Why are CNNs not applicable?

Regular graphs defined on the euclidean have a fixed node ordering and neighborhood size. Generic graphs have no node ordering for neighbors, and their number of neighbors is variable.

Unfortunately, CNNs do not directly translate to irregular graphs. CNNs work in Euclidean space and on regular graphs, where neighboring nodes can be differentiated from one another via their relative position to the central node, and the number of neighboring nodes is constant. The convolutional operation leverages both of these properties to derive informative node embeddings. For irregular and unstructured graphs, these properties are not satisfied. Unstructured graphs have no notion of relative position — there is no top, bottom, right, or left. Additionally, the neighborhood connectivity/size can vary across nodes. Consequently, it is impossible to perform convolutional operations on irregular graphs.

Update formula for computing node embeddings h with a 3x3 CNN layer. Note that unique weight matrices W are learned for each neighbor. This is possible because neighbors can be differentiated using their relative position to the center node.

Graph Convolution Networks

Since vanilla convolutional operations do not apply to irregular graphs, the operation needs to be re-formulated. Graph convolution networks (GCNs) and graph convolution operations are such a re-formulation. Similar to traditional CNNs, GCNs reason over the local neighborhood. Like CNNs, GCNs compute embeddings by aggregating information from direct neighbors. Yet, GCNs ensure that this information aggregation operation does not depend on the node’s relative position, nor on the node ordering, and is independent of the node’s neighborhood size — invariances not enforced by CNNs.

  • Irregular graphs are node order invariant, so the output of a GCN must be independent of the graph’s node ordering. Specifically, the neural network’s output must be identical irrespective of the node ordering. We do not want the neural network to output two different values if fed two different node orderings of a graph. This property is known as permutation invariance. We illustrate it below.
  • The connectivity of nodes can differ across the graph. Thus, the graph convolution operation must be independent of the neighborhood size.
For different order plans, the learned function must map nodes to the same output irrespective of their order (permutation equivariance — illustrated), and must map graphs to the same vector (permutation invariance) irrespective of the graph’s node ordering.

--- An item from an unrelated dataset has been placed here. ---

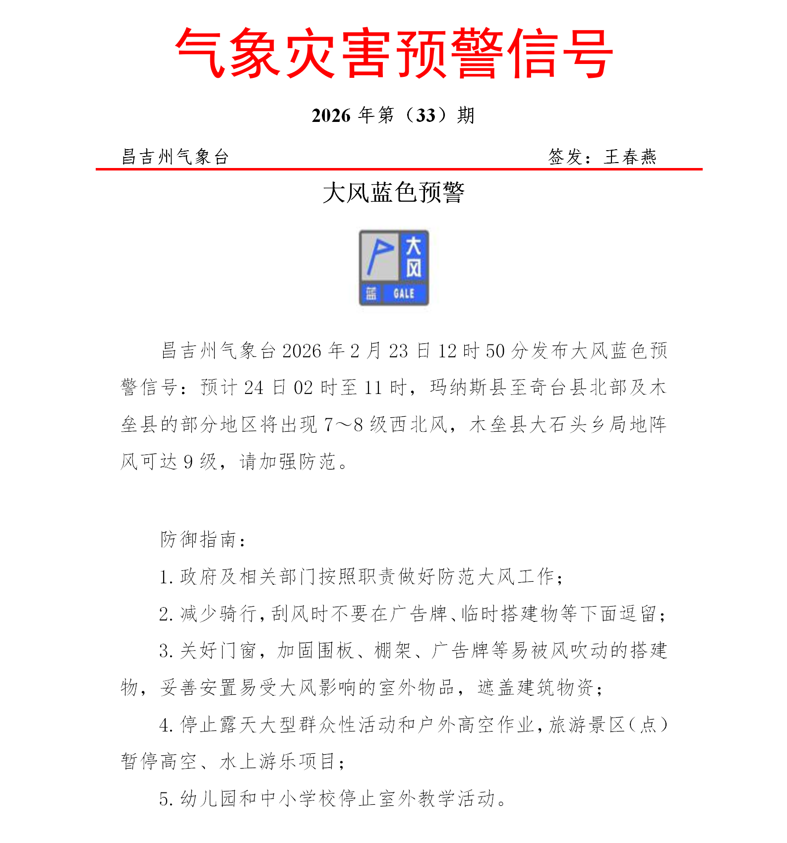 昌吉州气象台2026年2月23日12时50分发布大风蓝色预警信号:预计24日02时至11时,玛纳斯县至奇台县北部及木垒县的部分地区将出现7~8级西北风,木垒县大石头乡局地阵风可达9级,请加强防范。

A single GCN layer is defined by three operations: the message computation, the aggregation, and the update. These operations are performed to derive node embeddings.

  • Message computation: Message computation amounts to transforming the feature vector of each node in the graph. The applied learned transformation is common to all nodes to enforce permutation invariance.
  • Aggregation: Once all messages are derived, each node aggregates messages of its neighbors via a permutation equivariant function, e.g. mean, max, or sum function. This aggregation of messages enables the propagation of information across the graph.
  • Update: Finally, an update function combines the aggregated messages and the previous node embedding of the current node. Thereby the node’s embedding is updated. By combining information from the node’s neighborhood and the node itself, the derived node descriptor encodes structural and node-level information.
General message, aggregation and update formula for a GCN with node embeddings h. Messages are normalised by the node degree, the aggregation is a sum over the neighbors & the current node, and an activation is applied to update the embedding. Note that W does not depend on the current node or its neighbors.

For a more detailed explanation, have a look at lectures 6 and 7 of Stanford’s course on ML with graphs — CS224W.

Application

To explore the introduced graph convolution operation, we turn to a graph segmentation task. Similar to image segmentation, where pixels are assigned to semantic classes, graph segmentation amounts to finding a mapping between the nodes of a graph and a set of classes. We focus on the problem of assigning body-part labels to the nodes of humanoid 3D meshes.

Graph segmentation task: each vertex in the mesh is assigned to one of twelve body-parts.

3D Mesh Data

To solve the presented segmentation task, we leverage all data encoded in 3D meshes. A 3D mesh defines a surface via a collection of vertices and triangular faces. It is represented by two matrices:

  • A vertex matrix with dimensions (n, 3), where each row specifies the spatial position, [x, y, z] of a vertex in 3D-space.
  • A face integer matrix with dimensions (m, 3), where each row holds three indices of the vertex matrix that define a triangular face.

Note that the vertex matrix captures node-level feature information and the face matrix describes the node connectivity. Formally, each mesh can be transformed into a graph G = (X, A) with vertices V, where X has dimension (|V|, 3) and defines the spatial xyz-features for each node u in V, and A, the adjacency matrix, has dimension (|V|, |V|) and defines the connected neighborhood of each node. We work with this induced mesh graph.

Implementation

We rely on Feature-Steered graph convolutions to derive node-level body-part assignments from the induced mesh graph. This GCN layer was proposed by Verma et al. [1].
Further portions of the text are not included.